Sachau, Eduard (1845–1930)
German scholar of Arabic, Aramaic, and Syriac. Born on 20 July 1845 in Neumünster, Schleswig-Holstein, Sachau began studying Near-Eastern languages at Kiel and Leipzig in 1863. After receiving his Ph.D. degree in 1867, he studied in Oxford and London. In 1869, he was appointed professor of Semitic languages in Vienna; beginning in 1876, he was professor of Near-Eastern literature in Berlin. In addition, between 1887 and 1920, he was the first director of the Seminar for Oriental Languages in Berlin, which provided language training to public officers in the East, even though he himself did not teach there. To prepare them for their interaction with the Muslim inhabitants of the newly acquired German colonies in East Africa, he wrote his Muhammedanisches Recht nach schafiitischer Lehre (3rd ed. 1897). In 1878–79, he traveled on behalf of the Prussian government to Syria and Mesopotamia, where he was able to acquire many Syriac mss. for the library of Berlin. Sachau himself described these mss., along with the previously acquired mss. in Berlin, in a comprehensive catalogue published in 1899. He returned to the Middle East in 1897–98. He wrote extensive and very readable reports describing both of his trips to the Middle East. The main fields of his scholarly interest included Arabic, Syriac, the epigraphy of earlier dialects of Aramaic, and Neo-Aramaic. In addition to Arabic works (by al-Jawāliqī, al-Bīrūnī, and Ibn Saʿd), he edited a number of Syriac sources, including several recensions of the Syro-Roman Lawbook (1880 [Syriac, Armenian, Arabic], 1907) as well as lawbooks of E.-Syr. patriarchs and bishops (1907–14). In his capacity as professor at Berlin University and well-connected to the German authorities, he was among the leading German scholars of Near-Eastern Studies of his day, even though personally he was not highly esteemed by all of his academic colleagues. He died in Berlin, Charlottenburg on 17 Sept. 1930.

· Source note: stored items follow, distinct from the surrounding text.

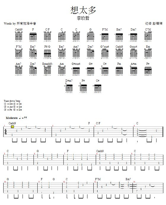 公众号:绵羊乐谱 想太多—李玖哲免费弹唱吉他谱_六线谱: 点击: 1000 图片可能经过缩放,手机长按或点开后长按保存,电脑鼠标右键保存. (乐友pyhxwghgn传谱) 公众号:绵羊乐谱 | 官方QQ群:978773290 不吃独食,学会分享!本文链接:http://www.shaomingyang.com/btb/34275.html 转载请标明出处,尊重原创(๑╹◡╹)ノ。如信息有误或版权疑问,请通过网站底部联系我们会第一时间处理,感谢理解支持(◕ᴗ◕✿)!
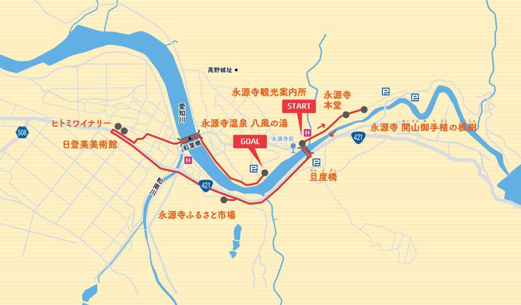 永源寺観光案内所をスタートし、120段あまりの石段がある羅漢坂をのぼって永源寺へ。深い自然に包まれた永源寺では、野鳥のさえずりや葉擦れ、愛知川の渓声に耳を傾けるのも心地よい。境内全体を覆う紅葉はもちろん、ひときわ美しいのが開山御手植の楓樹(かいさんおてうえのふうじゅ)。重く深みのある紅葉が訪れた人々を魅了する。
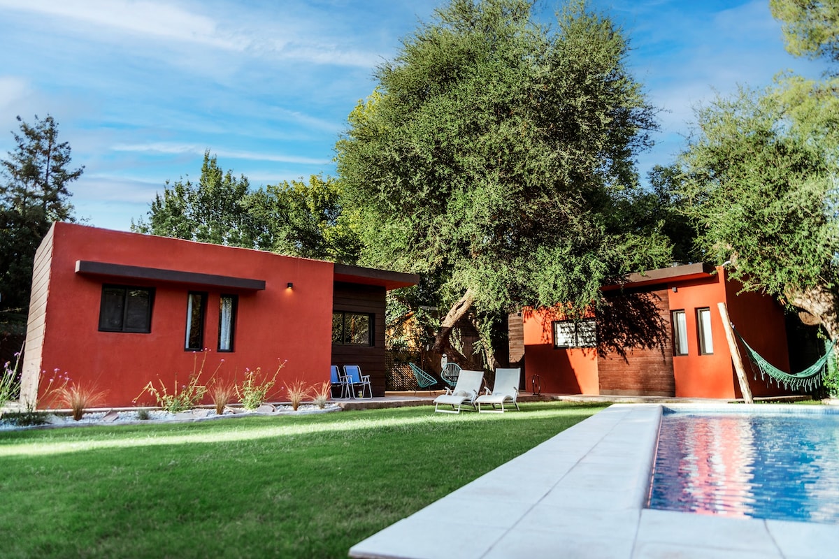 A unique place. A space to fully experience. 13 km from the city of Mendoza and within the "Wine Roads" circuit. With a private exit, exclusive covered garage, excellent Wi-Fi, a queen-size bed, en suite bathroom, TV, refrigerator, electric oven, microwave, electric kettle, bed and bath linens, and pool towels. We also include a split-screen TV and a safe. We continue to add comfort and tranquility to make your stay in our space unforgettable.

- Theodori Mopsuesteni Fragmenta Syriaca (1869).
- Inedita Syriaca. Eine Sammlung syrischer Übersetzungen von Schriften griechischer Profanliteratur (1870; repr. 1968).
- (with K. G. Bruns) Syrisch-römisches Rechtsbuch aus dem fünften Jahrhundert (1880; repr. 1963 and more recently).
- Reise in Syrien und Mesopotamien (1883; repr. 1995).
- Skizze des Fellichi-Dialekts von Mosul (1895).
- Verzeichnis der syrischen Handschriften (Die Handschriften-Verzeichnisse der Königlichen Bibliothek zu Berlin 23; 1899; repr. 2006).
- Am Euphrat und Tigris. Reisenotizen aus dem Winter 1897–98 (1900).
- Syrische Rechtsbücher. Herausgegeben und übersetzt (3 vols.; 1907–1914).
- Die Chronik von Arbela (1915).
- Zur Ausbreitung des Christentums in Asien (Abhandlungen der Preussischen Akademie der Wissenschaften, Jahrgang 1919, philos.-histor. Klasse. 1).
- Deutsches Biographisches Archiv, fiche I 1072, 250–1; II 1114, 253–9.
- J. Fück, Die arabischen Studien in Europa (1955), 234–6.
- W. Gottschalk, in Festschrift Eduard Sachau zum siebzigsten Geburtstage, ed. G. Weil (1915), 1–14. (bibliography)
- W. Gottschalk, ‘Die Schriften E. S.s 1915–1930’, in Sitzungsberichte der Preussischen Akademie der Wissenschaften, Jahrgang 1931, philos.-histor. Klasse (1931, 144–6). (bibliography)
- C. Moss, Catalogue of Syriac Printed Books in the British Museum (1962), 955–58. (bibliography)
- B. Meissner, ‘Gedächtnisrede auf E. S.’, in Sitzungsberichte der Preussischen Akademie der Wissenschaften, Jahrgang 1931, philos.-histor. Klasse (1931), 141–44.
- E. Mittwoch, ‘E. S. zum 85. Geburtstag’, Forschungen und Fortschritte 6 (Berlin 1930), 281–2.
- N. Rhodokanakis, ‘E. S.’, Akademie der Wissenschaften in Wien. Almanach für das Jahr 1931, 81 (1931), 257–59.